How to complete this task => Write down the lines exactly as they appear, from the one that contains "Газово-індукційна поверхня не" through the final line of the records, so that both ends are kept and no pictures come along.

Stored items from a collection
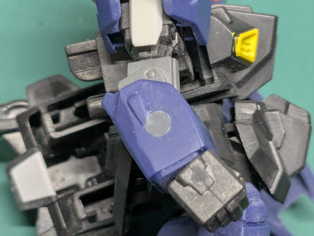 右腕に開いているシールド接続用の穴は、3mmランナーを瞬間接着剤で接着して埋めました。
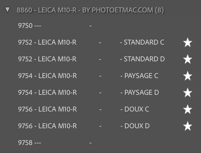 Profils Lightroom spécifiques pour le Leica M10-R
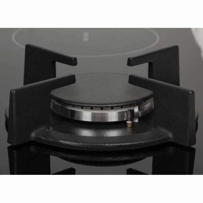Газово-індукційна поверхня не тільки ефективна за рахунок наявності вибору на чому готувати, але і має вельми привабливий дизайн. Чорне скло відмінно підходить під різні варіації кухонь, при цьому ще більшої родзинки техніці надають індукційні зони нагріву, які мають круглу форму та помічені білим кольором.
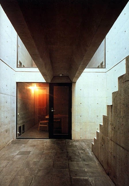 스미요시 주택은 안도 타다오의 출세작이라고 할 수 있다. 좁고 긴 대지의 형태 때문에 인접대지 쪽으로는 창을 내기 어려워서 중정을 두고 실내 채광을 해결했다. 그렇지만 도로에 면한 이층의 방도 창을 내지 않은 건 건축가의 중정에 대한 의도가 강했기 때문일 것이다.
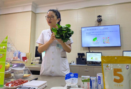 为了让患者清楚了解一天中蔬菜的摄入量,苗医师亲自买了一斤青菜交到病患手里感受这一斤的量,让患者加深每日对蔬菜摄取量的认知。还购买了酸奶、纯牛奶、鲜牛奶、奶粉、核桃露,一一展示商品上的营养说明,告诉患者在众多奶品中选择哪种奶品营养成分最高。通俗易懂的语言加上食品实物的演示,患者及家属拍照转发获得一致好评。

Answer box =>
Газово-індукційна поверхня не тільки ефективна за рахунок наявності вибору на чому готувати, але і має вельми привабливий дизайн. Чорне скло відмінно підходить під різні варіації кухонь, при цьому ще більшої родзинки техніці надають індукційні зони нагріву, які мають круглу форму та помічені білим кольором.
 스미요시 주택은 안도 타다오의 출세작이라고 할 수 있다. 좁고 긴 대지의 형태 때문에 인접대지 쪽으로는 창을 내기 어려워서 중정을 두고 실내 채광을 해결했다. 그렇지만 도로에 면한 이층의 방도 창을 내지 않은 건 건축가의 중정에 대한 의도가 강했기 때문일 것이다.
 为了让患者清楚了解一天中蔬菜的摄入量,苗医师亲自买了一斤青菜交到病患手里感受这一斤的量,让患者加深每日对蔬菜摄取量的认知。还购买了酸奶、纯牛奶、鲜牛奶、奶粉、核桃露,一一展示商品上的营养说明,告诉患者在众多奶品中选择哪种奶品营养成分最高。通俗易懂的语言加上食品实物的演示,患者及家属拍照转发获得一致好评。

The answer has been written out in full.